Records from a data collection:
== == ==

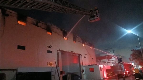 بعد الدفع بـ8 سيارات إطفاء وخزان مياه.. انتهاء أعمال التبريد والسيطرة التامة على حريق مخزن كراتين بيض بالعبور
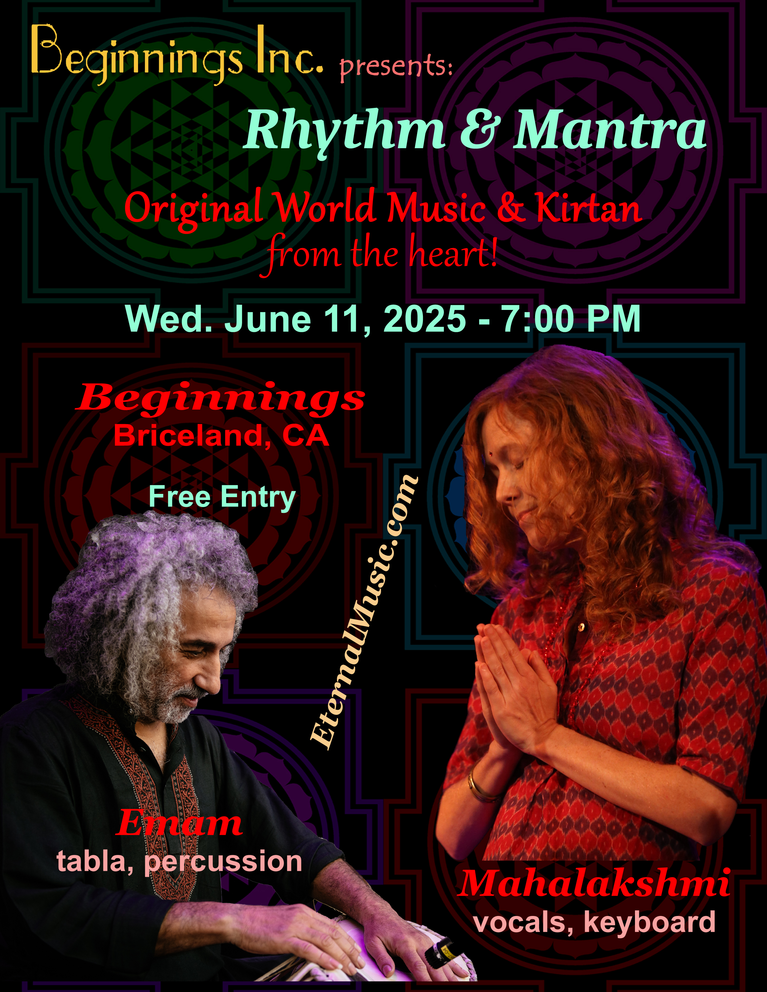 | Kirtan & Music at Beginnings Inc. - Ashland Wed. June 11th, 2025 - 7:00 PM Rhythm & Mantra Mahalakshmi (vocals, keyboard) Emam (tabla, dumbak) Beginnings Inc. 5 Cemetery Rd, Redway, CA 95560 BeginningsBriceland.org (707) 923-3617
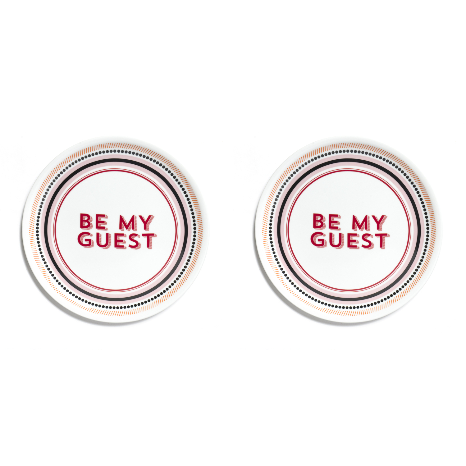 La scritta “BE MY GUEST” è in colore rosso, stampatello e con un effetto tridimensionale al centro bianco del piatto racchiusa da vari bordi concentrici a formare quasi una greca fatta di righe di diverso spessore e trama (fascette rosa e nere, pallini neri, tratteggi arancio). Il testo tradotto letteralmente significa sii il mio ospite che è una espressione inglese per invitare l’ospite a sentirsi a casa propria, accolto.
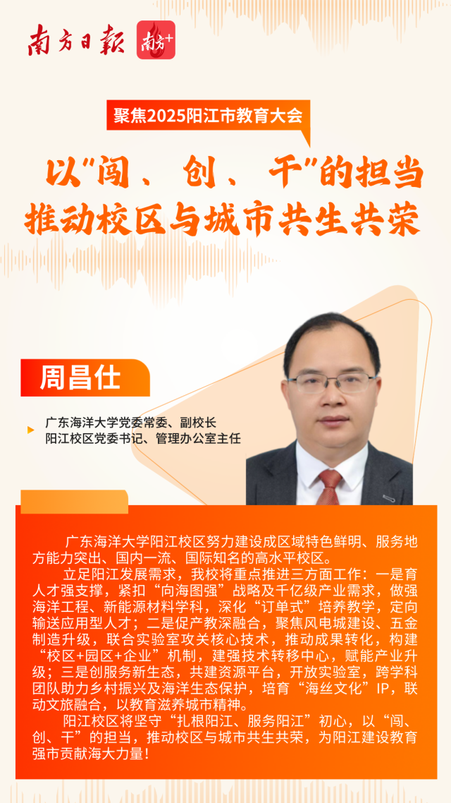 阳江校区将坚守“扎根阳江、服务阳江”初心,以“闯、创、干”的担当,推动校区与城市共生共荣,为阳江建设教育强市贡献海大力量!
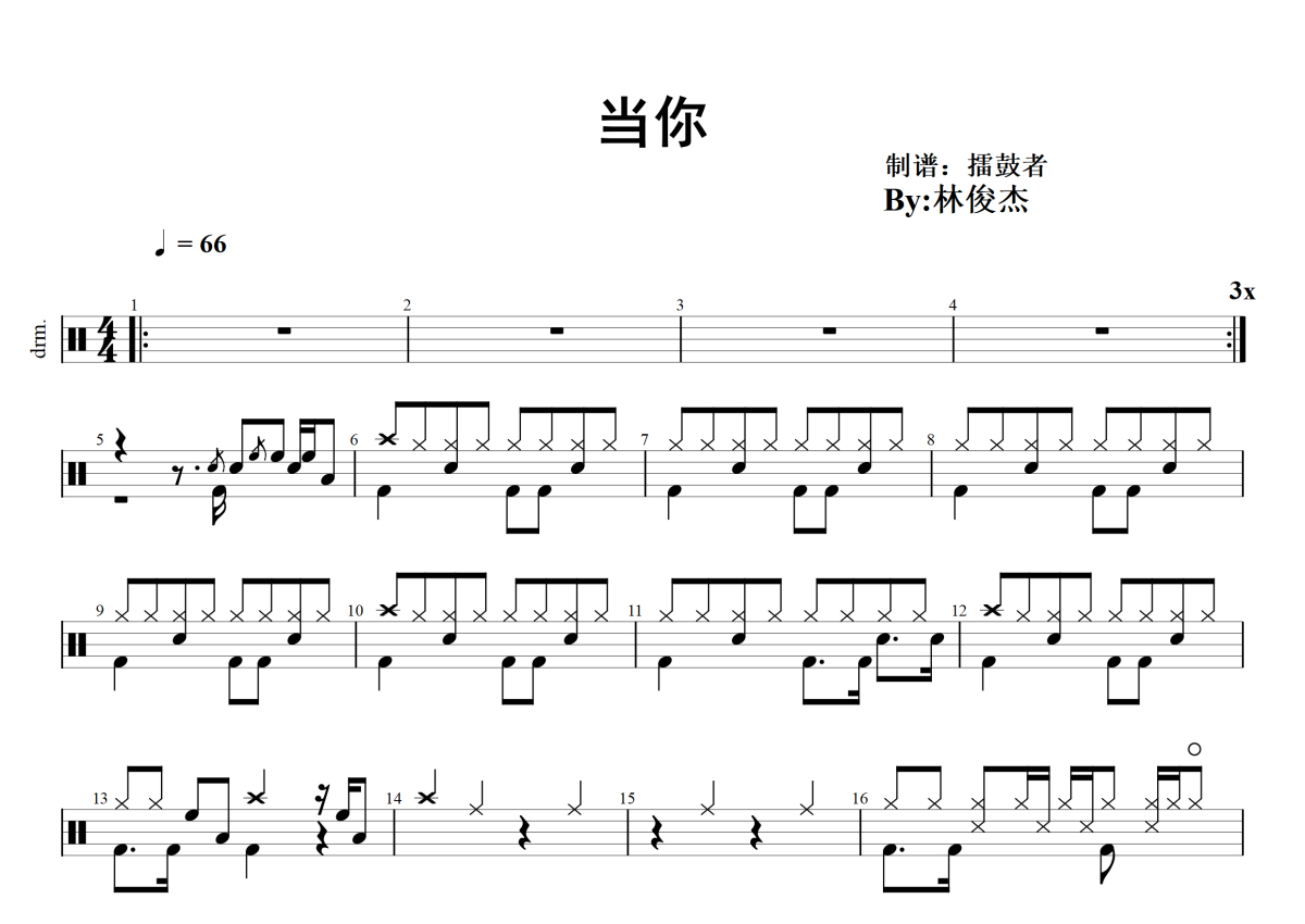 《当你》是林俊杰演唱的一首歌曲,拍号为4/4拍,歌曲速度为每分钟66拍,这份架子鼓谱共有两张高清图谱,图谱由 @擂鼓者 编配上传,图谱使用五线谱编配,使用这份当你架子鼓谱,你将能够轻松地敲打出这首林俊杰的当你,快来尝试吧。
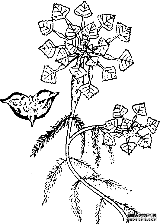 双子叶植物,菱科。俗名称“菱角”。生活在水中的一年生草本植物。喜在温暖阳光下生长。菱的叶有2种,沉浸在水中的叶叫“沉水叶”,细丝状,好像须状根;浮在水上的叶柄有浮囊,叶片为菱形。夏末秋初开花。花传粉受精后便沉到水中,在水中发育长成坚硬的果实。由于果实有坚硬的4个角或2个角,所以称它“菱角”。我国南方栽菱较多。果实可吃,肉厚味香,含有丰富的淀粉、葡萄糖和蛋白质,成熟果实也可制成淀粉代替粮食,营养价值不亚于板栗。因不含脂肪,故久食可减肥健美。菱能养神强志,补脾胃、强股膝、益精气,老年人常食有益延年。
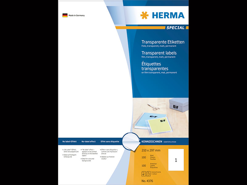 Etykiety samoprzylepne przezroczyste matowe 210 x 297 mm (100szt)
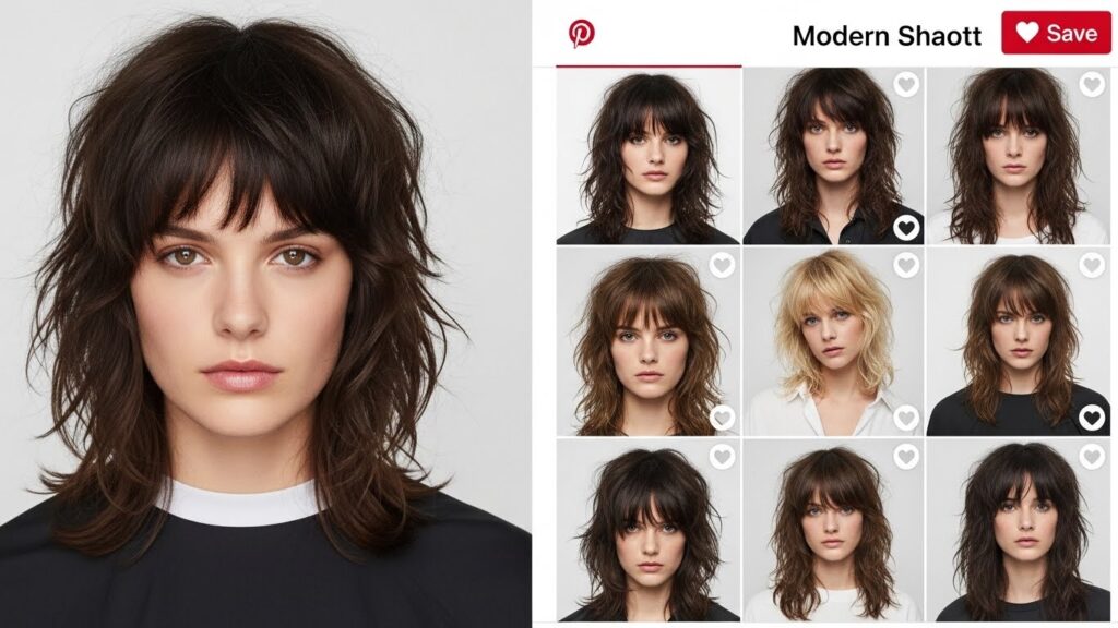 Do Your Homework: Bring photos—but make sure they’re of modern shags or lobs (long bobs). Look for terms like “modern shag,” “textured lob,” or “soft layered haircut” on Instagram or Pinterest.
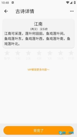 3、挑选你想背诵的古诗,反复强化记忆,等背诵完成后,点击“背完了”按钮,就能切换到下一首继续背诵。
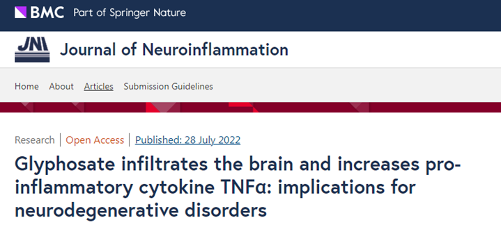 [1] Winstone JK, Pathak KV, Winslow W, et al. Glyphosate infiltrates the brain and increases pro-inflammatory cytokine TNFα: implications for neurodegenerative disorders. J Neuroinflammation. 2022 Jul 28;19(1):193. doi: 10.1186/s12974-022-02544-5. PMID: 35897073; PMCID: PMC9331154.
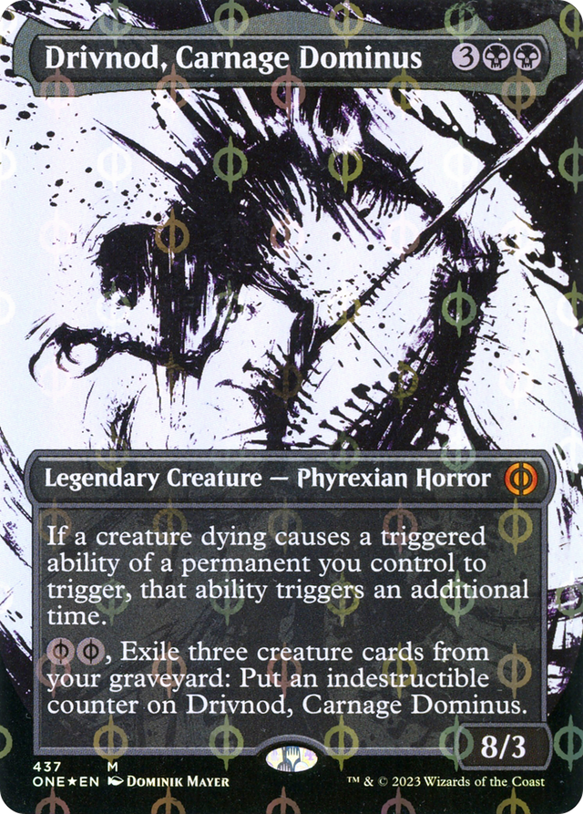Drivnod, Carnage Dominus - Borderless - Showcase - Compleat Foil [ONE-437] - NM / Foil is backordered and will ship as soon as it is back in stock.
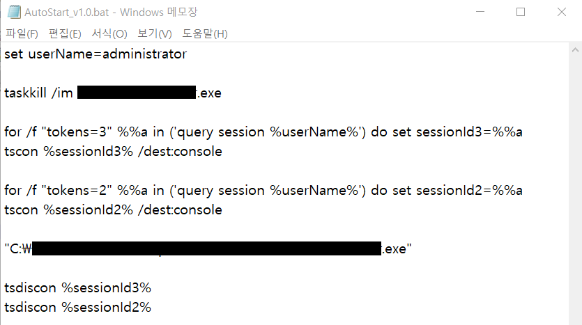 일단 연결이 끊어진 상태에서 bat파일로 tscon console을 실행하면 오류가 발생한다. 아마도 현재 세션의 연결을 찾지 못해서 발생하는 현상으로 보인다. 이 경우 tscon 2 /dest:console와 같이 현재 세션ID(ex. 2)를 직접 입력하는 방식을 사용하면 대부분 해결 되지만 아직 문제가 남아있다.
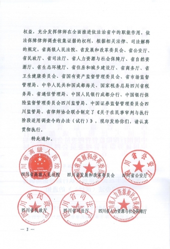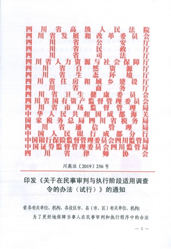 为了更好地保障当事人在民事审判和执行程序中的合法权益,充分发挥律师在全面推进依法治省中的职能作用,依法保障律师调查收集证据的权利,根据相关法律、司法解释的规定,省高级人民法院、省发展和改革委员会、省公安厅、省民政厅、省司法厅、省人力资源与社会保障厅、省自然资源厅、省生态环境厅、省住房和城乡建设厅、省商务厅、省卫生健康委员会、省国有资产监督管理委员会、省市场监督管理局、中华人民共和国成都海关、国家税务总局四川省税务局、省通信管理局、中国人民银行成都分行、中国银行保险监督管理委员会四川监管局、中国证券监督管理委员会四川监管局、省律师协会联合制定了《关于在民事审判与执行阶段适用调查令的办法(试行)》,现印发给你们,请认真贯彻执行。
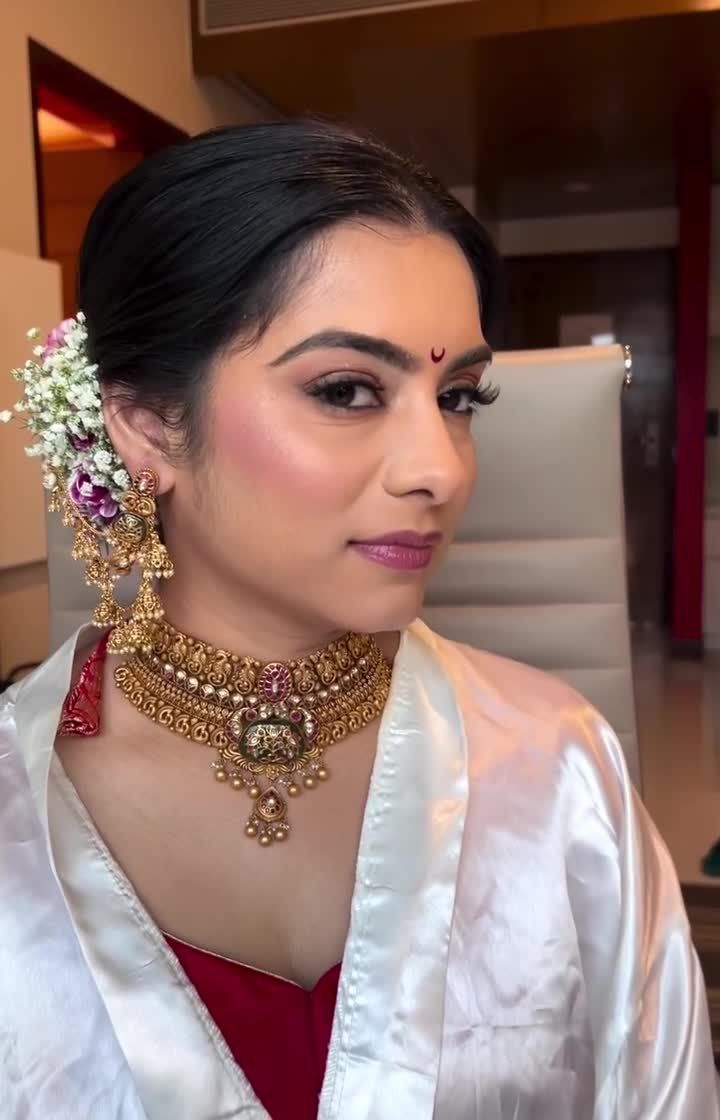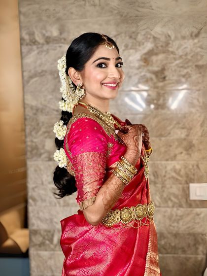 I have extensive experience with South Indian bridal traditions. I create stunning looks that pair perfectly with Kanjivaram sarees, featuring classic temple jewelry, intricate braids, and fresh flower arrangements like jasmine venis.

== == ==

Problem:
Exactly as they appear, please return only the lines from the first line of the records through the line containing "Drivnod, Carnage Dominus", both included, leaving out all pictures.

Worked solution:
 بعد الدفع بـ8 سيارات إطفاء وخزان مياه.. انتهاء أعمال التبريد والسيطرة التامة على حريق مخزن كراتين بيض بالعبور
 | Kirtan & Music at Beginnings Inc. - Ashland Wed. June 11th, 2025 - 7:00 PM Rhythm & Mantra Mahalakshmi (vocals, keyboard) Emam (tabla, dumbak) Beginnings Inc. 5 Cemetery Rd, Redway, CA 95560 BeginningsBriceland.org (707) 923-3617
 La scritta “BE MY GUEST” è in colore rosso, stampatello e con un effetto tridimensionale al centro bianco del piatto racchiusa da vari bordi concentrici a formare quasi una greca fatta di righe di diverso spessore e trama (fascette rosa e nere, pallini neri, tratteggi arancio). Il testo tradotto letteralmente significa sii il mio ospite che è una espressione inglese per invitare l’ospite a sentirsi a casa propria, accolto.
 阳江校区将坚守“扎根阳江、服务阳江”初心,以“闯、创、干”的担当,推动校区与城市共生共荣,为阳江建设教育强市贡献海大力量!
 《当你》是林俊杰演唱的一首歌曲,拍号为4/4拍,歌曲速度为每分钟66拍,这份架子鼓谱共有两张高清图谱,图谱由 @擂鼓者 编配上传,图谱使用五线谱编配,使用这份当你架子鼓谱,你将能够轻松地敲打出这首林俊杰的当你,快来尝试吧。
 双子叶植物,菱科。俗名称“菱角”。生活在水中的一年生草本植物。喜在温暖阳光下生长。菱的叶有2种,沉浸在水中的叶叫“沉水叶”,细丝状,好像须状根;浮在水上的叶柄有浮囊,叶片为菱形。夏末秋初开花。花传粉受精后便沉到水中,在水中发育长成坚硬的果实。由于果实有坚硬的4个角或2个角,所以称它“菱角”。我国南方栽菱较多。果实可吃,肉厚味香,含有丰富的淀粉、葡萄糖和蛋白质,成熟果实也可制成淀粉代替粮食,营养价值不亚于板栗。因不含脂肪,故久食可减肥健美。菱能养神强志,补脾胃、强股膝、益精气,老年人常食有益延年。
 Etykiety samoprzylepne przezroczyste matowe 210 x 297 mm (100szt)
 Do Your Homework: Bring photos—but make sure they’re of modern shags or lobs (long bobs). Look for terms like “modern shag,” “textured lob,” or “soft layered haircut” on Instagram or Pinterest.
 3、挑选你想背诵的古诗,反复强化记忆,等背诵完成后,点击“背完了”按钮,就能切换到下一首继续背诵。
 [1] Winstone JK, Pathak KV, Winslow W, et al. Glyphosate infiltrates the brain and increases pro-inflammatory cytokine TNFα: implications for neurodegenerative disorders. J Neuroinflammation. 2022 Jul 28;19(1):193. doi: 10.1186/s12974-022-02544-5. PMID: 35897073; PMCID: PMC9331154.
Drivnod, Carnage Dominus - Borderless - Showcase - Compleat Foil [ONE-437] - NM / Foil is backordered and will ship as soon as it is back in stock.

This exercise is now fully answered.